Windows: The scripts above are bash (e.g. setup.sh, run.sh). Use WSL or Git Bash to run them, or do the steps manually: create a venv, pip install -r requirements.txt, download the PyTorch models (see Troubleshooting → "Model not found"), then run python server.py with QWEN_TTS_RUNTIME=pytorch and ensure the voxlert packs/ directory is available (e.g. clone the full voxlert repo and run the server from qwen3-tts-server).

Generate speech directly:

curl -X POST http://localhost:8100/tts \
  -H 'Content-Type: application/json' \
  -d '{"text": "Hello world", "pack_id": "sc2-kerrigan-infested"}' \
  --output hello.wav

Backends

Backend	Best for	Runtime flag	Models
MLX	Apple Silicon Macs (quantized, fast)	`QWEN_TTS_RUNTIME=mlx` (default on Mac)	Different 8-bit model; downloaded automatically when the server starts with MLX
PyTorch + MPS	Apple Silicon Macs (full precision)	`QWEN_TTS_RUNTIME=pytorch` on macOS	Same as CUDA — see below
PyTorch + CUDA	Linux/Windows with NVIDIA GPU	`QWEN_TTS_RUNTIME=pytorch` when CUDA is available	Same HuggingFace models as MPS; `./setup.sh` downloads them

PyTorch (MPS and CUDA) use the same model checkpoints (Qwen/Qwen3-TTS-12Hz-1.7B-Base and optionally 0.6B). No separate download for CUDA — run ./setup.sh once; it downloads the PyTorch models and works on both Apple (MPS) and Linux/Windows (CUDA). MLX uses a different, quantized model and fetches it on first run.

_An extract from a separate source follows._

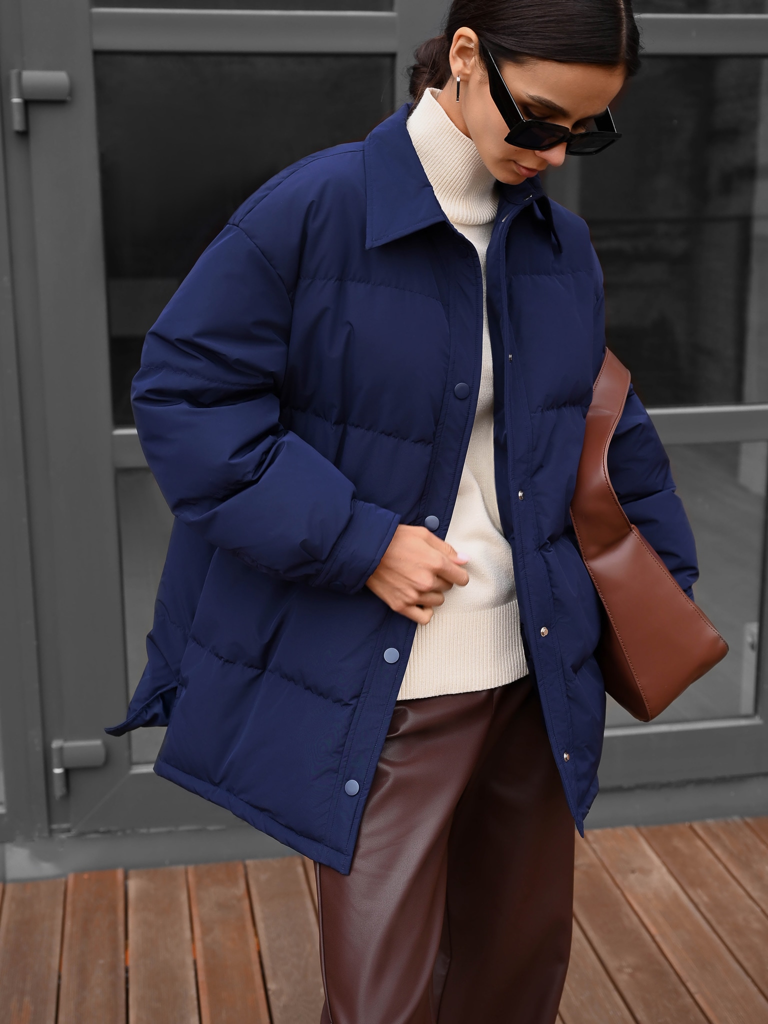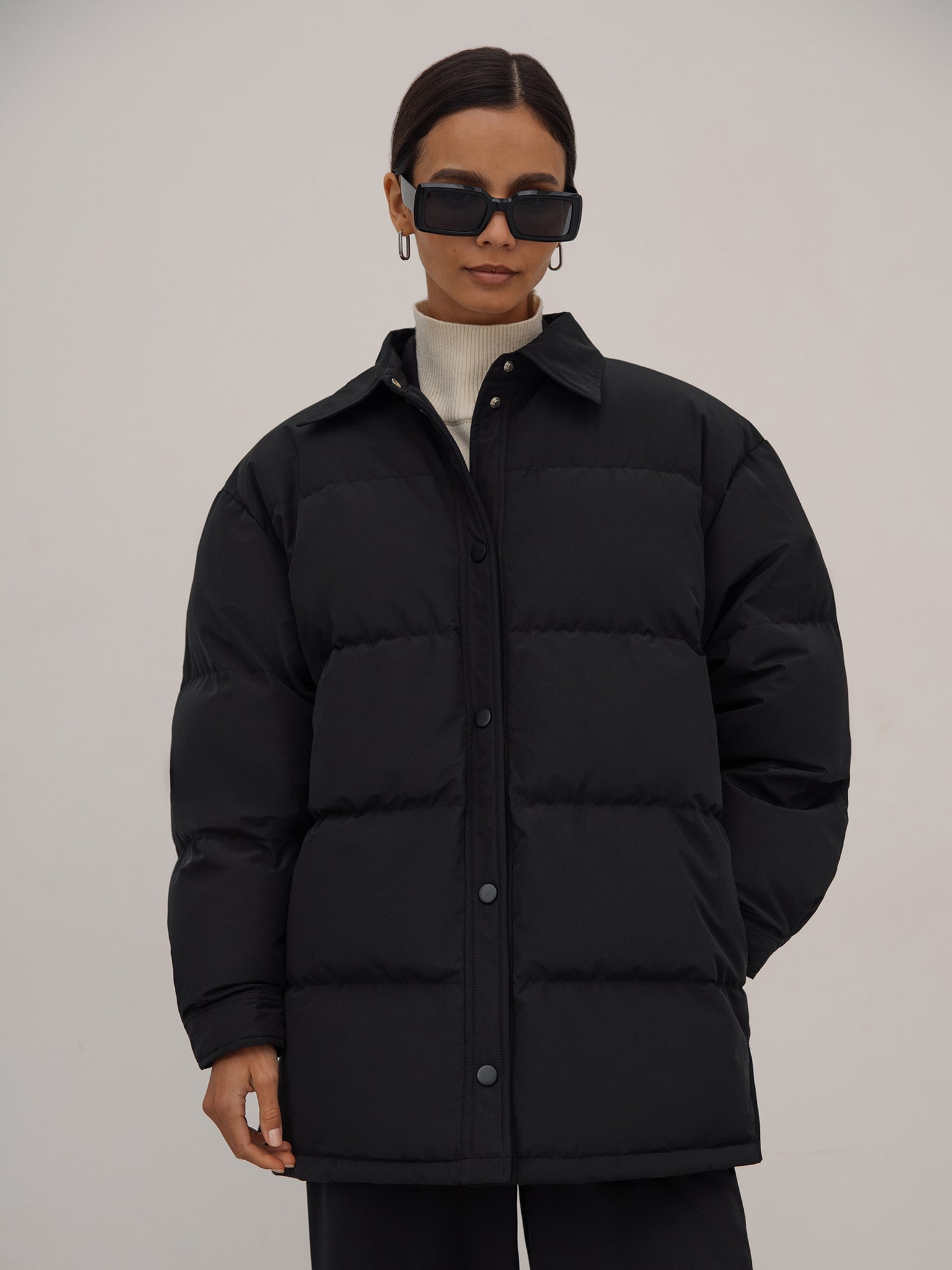 Стеганый пуховик с треугольным воротником :: LICHI

The server chooses PyTorch device automatically: CUDA if available, else MPS (Apple), else CPU.

Example — run with PyTorch (MPS on Mac, or CUDA on Linux/Windows):

QWEN_TTS_RUNTIME=pytorch QWEN_TTS_MODEL=0.6B ./run.sh

Environment variables

Variable	Default	Description
`QWEN_TTS_RUNTIME`	`mlx`	Backend: `mlx` or `pytorch`
`QWEN_TTS_MLX_MODEL`	`mlx-community/Qwen3-TTS-12Hz-1.7B-Base-8bit`	HuggingFace model ID for MLX
`QWEN_TTS_MODEL`	`1.7B`	PyTorch model size: `1.7B` or `0.6B`

API endpoints

`POST /tts`

Generate speech from text using a voice pack.

Request:

{"text": "The swarm consumes all.", "pack_id": "sc2-kerrigan-infested"}

Response: audio/wav (PCM 16-bit)

Errors: 404 if pack_id not found, 504 if generation exceeds 60 s timeout.

curl -X POST http://localhost:8100/tts \
  -H 'Content-Type: application/json' \
  -d '{"text": "Nuclear launch detected.", "pack_id": "sc2-adjutant"}' \
  --output speech.wav

`GET /health`

Returns server status, loaded model, runtime, and available voice packs.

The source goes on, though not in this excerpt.